# quick callous building techniques



## Doug Gifford (Jun 8, 2019)

When I'm in practice, my chops are pretty good, and they mostly don't fade very fast.

Except my left-hand callouses. I have a half-guitar, half-piano gig on Friday and finger-ends like a baby's bottom. I'm trying to play an hour or so a day to get them back, but perhaps there are ways to accelerate the process?


----------



## JBFairthorne (Oct 11, 2014)

Personally I’ve found it to be a cyclical thing, never staying in the sweet spot for very long. My callouses tend to thicken until they actually need to be removed and then I start over with fresh skin.


----------



## Wardo (Feb 5, 2010)

I've found that the only way to build them is to play a lot.


----------



## player99 (Sep 5, 2019)

crazy glue?


----------



## knight_yyz (Mar 14, 2015)

12 string. LOL


----------



## Dorian2 (Jun 9, 2015)

Bass guitar will do it as well. But just playing more does the trick. Externd your 1 hr to 2.


----------



## Doug Gifford (Jun 8, 2019)

Dorian2 said:


> Bass guitar will do it as well. But just playing more does the trick. Externd your 1 hr to 2.


Am currently doing so while cooking Christmas dinner. Problem is the house is full of people and I have duties. I guess it will be as it will be. I won't be horrible, but I could be better. It's trio jam thing, so I can lean on the others. But they both insist I bring along the dobro as well as a snare and a piano. The dobro sound is, admittedly, unique.


----------



## Doug Gifford (Jun 8, 2019)

player99 said:


> crazy glue?


You ever tried it?


----------



## KapnKrunch (Jul 13, 2016)

I have gigantic callouses on my feet from working in safety boots, but I have never had callouses on my fingers. Instead, I seem to have evolved skin that is impervious to the strings, whether I play or not. Been playing since 1963 and still don't know what people are talking about with callouses. 

On the other hand (lol, the right hand) my index is noticeably flattened from holding a pick. How does that help you? I dunno...

What can I say, DG, get out there and suck it up.


----------



## KapnKrunch (Jul 13, 2016)

Doug Gifford said:


> Am currently doing so while cooking Christmas dinner. Problem is the house is full of people and I have duties. I guess it will be as it will be. I won't be horrible, but I could be better. It's trio jam thing, so I can lean on the others. But they both insist I bring along the dobro as well as a snare and a piano. The dobro sound is, admittedly, unique.

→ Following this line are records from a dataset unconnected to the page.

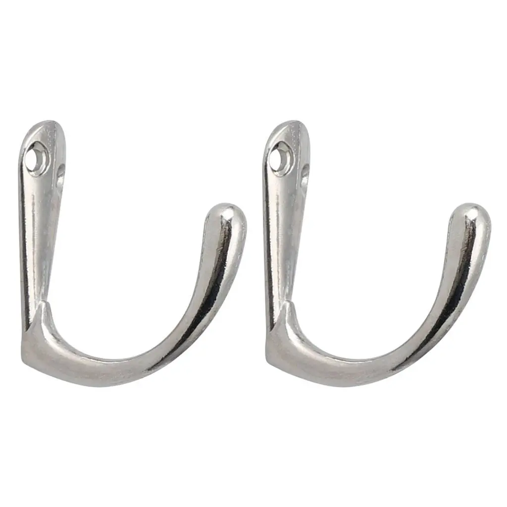 2Pcs Robe Hooks Zinc Alloy Hook Bag Bathroom Diy Hanger W Screws, Silver Tone - N/a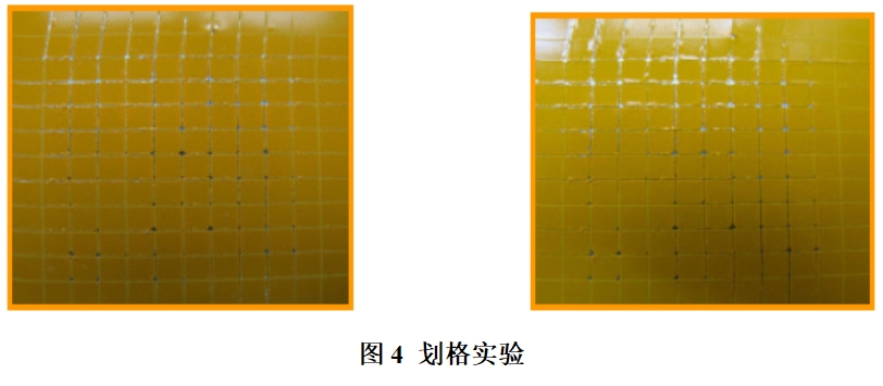 圖4為劃格實驗的圖片。在膠帶粘貼前后,如果測試板無變化,說明潤滑油沒有對涂料產生不良影響。
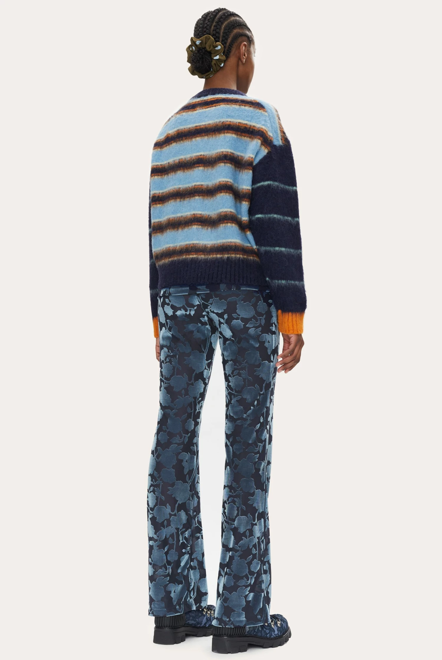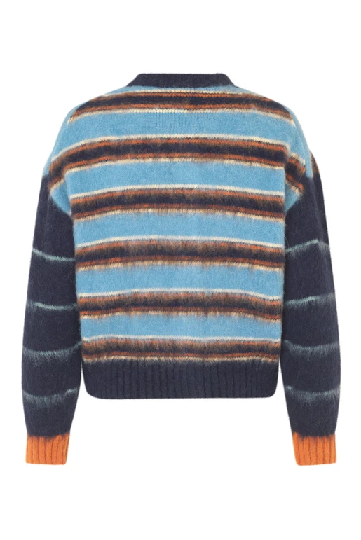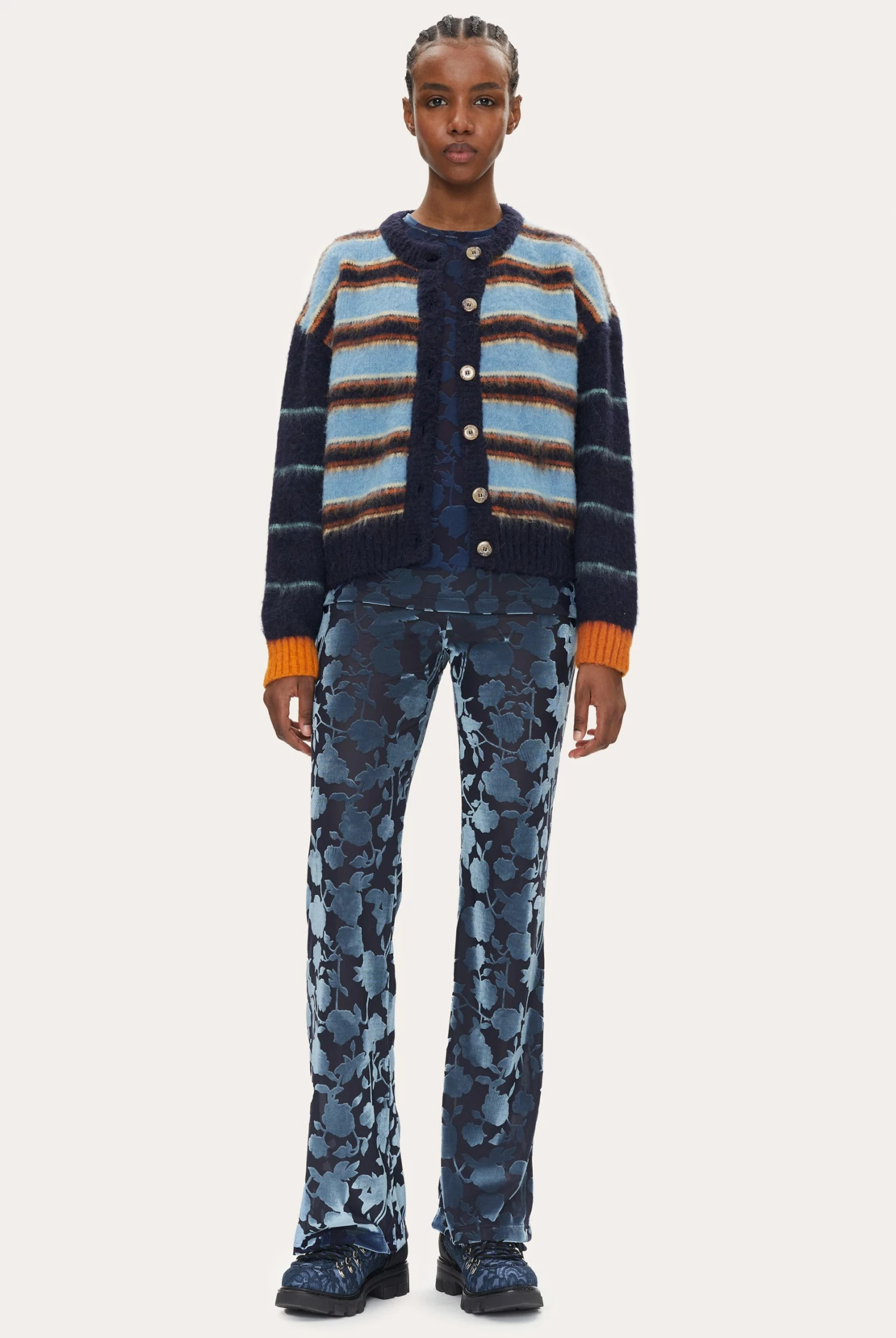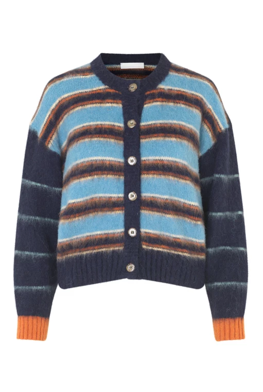 Ash Knit Cardigan in Stripes Multi. Relaxed fit button down cardigan with long sleeves. Colour blocked pattern and glitter button detailing. Layer over your favourite look from the collection.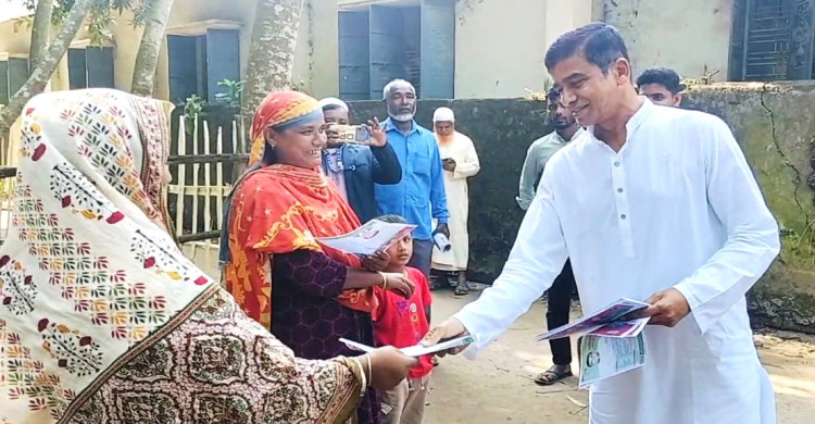 ধানের শীষে ভোট চেয়ে লিফলেট বিতরণ করেন ফরহাদ হোসেন আজাদ

Sounds like a fun gig, wish I could be there. Multi-instrumentalists are a great asset.


----------



## Doug Gifford (Jun 8, 2019)

KapnKrunch said:


> Sounds like a fun gig, wish I could be there. Multi-instrumentalists are a great asset.


If only we could play them all at the same time…


----------



## Doug Gifford (Jun 8, 2019)

KapnKrunch said:


> What can I say, DG, get out there and suck it up.


Done it before, can do it again. Part of the schtick is that we're actually jamming and don't rehearse and never know what's coming next. Peculiar, really.


----------



## sambonee (Dec 20, 2007)

Original
Guitar fingers. They’ll save the day. They’re amazing. 
https://www.originalguitarfingers.com/


----------



## player99 (Sep 5, 2019)

Doug Gifford said:


> You ever tried it?


No, but I got some crazy glue on my thumb and it did not come off for a couple of days.


----------



## CathodeRay (Jan 12, 2018)

JBFairthorne said:


> Personally I’ve found it to be a cyclical thing, never staying in the sweet spot for very long. My callouses tend to thicken until they actually need to be removed and then I start over with fresh skin.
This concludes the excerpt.